Home  18.013A  Chapter 13 


The last previous method uses a straight line approximation to get a new argument between old ones, once the values of $f$ at the old arguments have the opposite sign. This is usually a smart thing to do, unless the endpoints of the interval between which your solution is trapped (in columns s and t above) converge very slowly.
To avoid that possibility we can, once the function $f$ has opposite sign at two points, say $a$ and $b$ , evaluate it at the middle point, and replace one end by the middle.
This will cut the size of the interval in which the solution must lie in half. This is slow convergence compared to the best of Newton's algorithm or the variants discussed above, but it is steady and effective and will always give a definite improvement in accuracy in a fixed number of steps.
Since 2 to the tenth power is a bit more than one thousand, (it's 1024) the size of the interval goes down by a factor of at least 1000 for every ten iterations, and so if it starts at something like 1, after 35 or so steps you will have the answer to ten decimal places.

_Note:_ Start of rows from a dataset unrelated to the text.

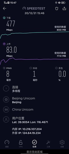 此次Y52s搭载了一颗采用7nm制程工艺芯片,不仅支持 5G+4G 双卡双待,而且还能让 Wi-Fi 与 5G 网络一起为你加速。经过实际测试,vivo Y52s在5G网络下的下载速度能够达到477Mbps、上传速度则能够达到83Mbps。这样的速度,基本就可以和卡顿说拜拜了。在线看直播、下载游戏更新,“唰”的一下就好了!
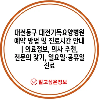 ✅ 대전기독요양병원의 예약 방법과 진료시간을 간편하게 알아보세요.
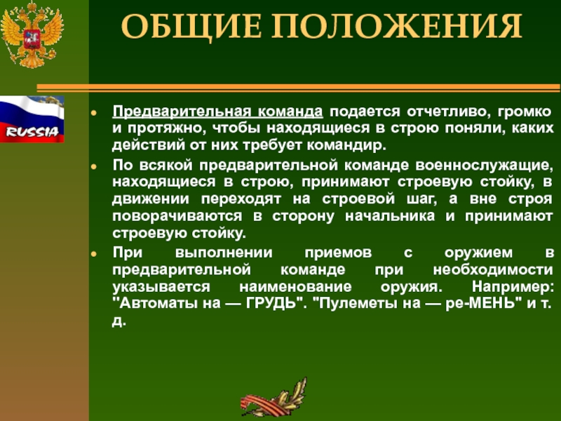 Предварительная команда подается отчетливо, громко и протяжно, чтобы находящиеся в
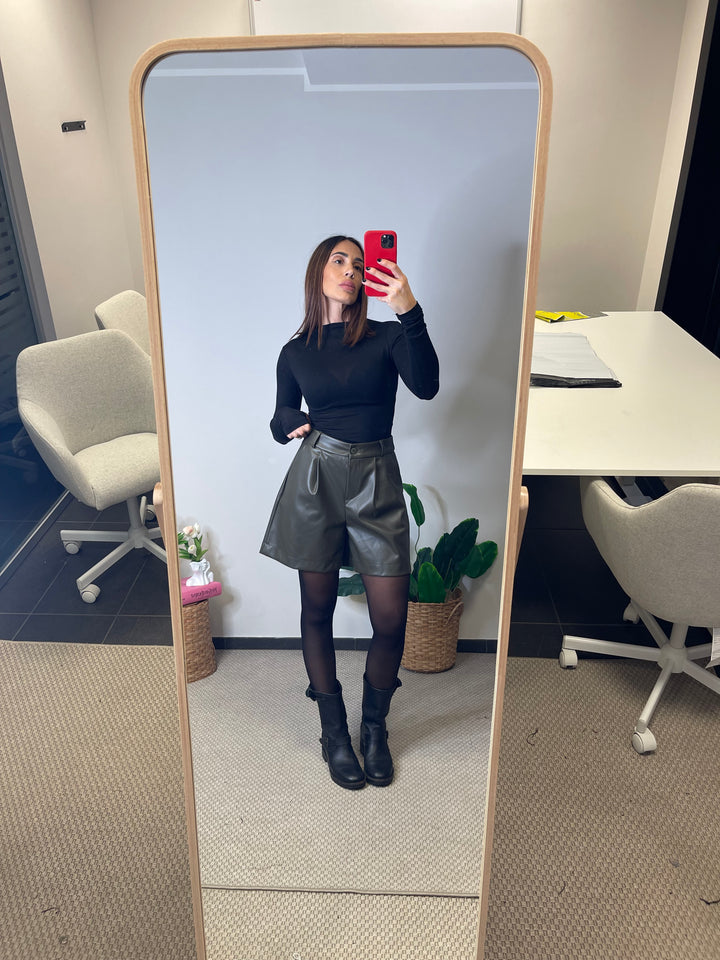 Pantaloncino in simil pelle, molto morbido va a taglie.

How does the algorithm go?
We start with two arguments, $a$ and $b$ and suppose we assume $ab$ . We evaluate $f(a)$ and $f(b)$ , and also $f\left(\frac{a+b}{2}\right)$ . Then if the last of these and the first has the same sign you replace a by $\frac{a+b}{2}$ and keep $b$ , while otherwise you keep $a$ and replace $b$ by $\frac{a+b}{2}$ .

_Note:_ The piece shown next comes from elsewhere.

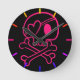Pink Heart Skull and Crossbones Round Clock
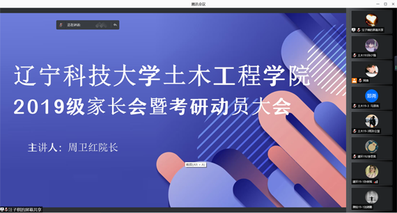1月22日上午,华体会网页版土木工程学院在博观楼A408会议室召开2019级线上学生家长会暨考研动员会。学院领导及2019级全体学生家长通过线上腾讯会议参加会议。

In a spreadsheet you can put your initial guesses in aa2 and ab2 put "= aa2/2+ab2/2" in ac2 and put "= f(aa2)" in ad2 and copy that to ae2 and af2. You can then put "= if(ae2*af2>0, aa2,ac2)" in aa3, and "= if(ae2*af2>0,ac2,ab2)" in ab3, copy down and you are done.
Unless there is an error lurking somewhere, or you started with ad2 and ae2 having the same sign, this will shorten the initial $a$ to $b$ by a factor of at least ${10}^{10}$ interval after 35 or so steps.
Exercise 13.9 Compare performance of this algorithm with the previous ones on the same examples. Any comments?